Joseph Ratzinger, quien fuera considerado el “alma gemela” intelectual de Karol Wojtyla (Juan Pablo II para los amigos), ha sido un hábil camaleón desde sus tiempos de cardenal. Desde el principio, ha sabido jugar y ha jugado hábilmente con esa vieja estratagema del “poli bueno-poli malo”.

Haciendo suya la doctrina comenzada por su antecesor –ser progresista por fuera y conservador por dentro- ha hecho llamamientos a la refundación de la Iglesia en su forma más primitiva, siendo partidario de adaptar el lenguaje evangelizador a la realidad moderna –abrirse una cuenta en Twitter- prodigar los valores del nuevo testamento por encima del antiguo –poniendo énfasis en el amor como eje central de la doctrina- así como luchar contra la corrupción dentro de su propia organización –aunque muchos vemos en ello una desesperada maniobra publicitaria más que una genuina intención de renovación-.

Es por esa maravillosa interpretación del buen samaritano que tantos intelectuales, políticos y otras figuras públicas de (casi) todos los frentes de la sociedad (de progresistas a conservadores, de derechas y de izquierdas, de ateos a creyentes, de católicos a musulmanes) se deshicieron en elogios cuando el vicario de Cristo anunció su decisión de abandonar el trono.
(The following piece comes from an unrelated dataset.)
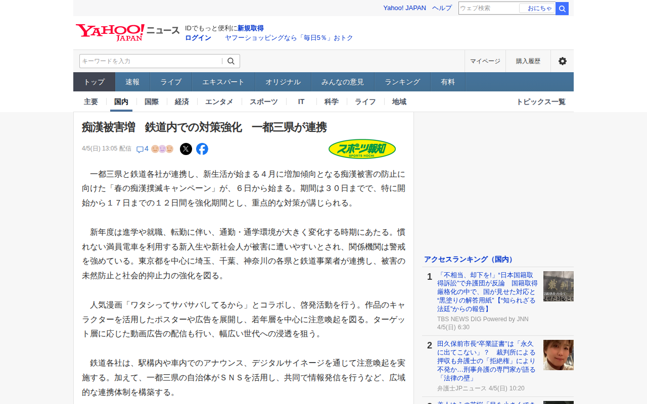 痴漢被害増 鉄道内での対策強化 一都三県が連携(スポーツ報知) - Yahoo!ニュース

Valiente, honorable, digno y otros adjetivos son los términos que han cubierto los medios de comunicación más variados durante estos últimos días.

Pero los pecados que este alemán ha sido tan hábil en camuflar no pasan desapercibidos ante el ojo atento. Bajo su apariencia tímida y dócil y tras la promesa de una nueva iglesia se ocultan los hechos más reprobables. Si prestamos atención, descubriremos quién es realmente Benedicto XVI.

Si prestamos atención, descubrimos a un opulento caradura que, vistiendo ropajes de miles de euros, llevando cetros de oro y viviendo en enormes palacios rodeado de los mejores cuidados y alimentación, se atreve a exigir al mundo las virtudes de la pobreza, la humildad y la templanza.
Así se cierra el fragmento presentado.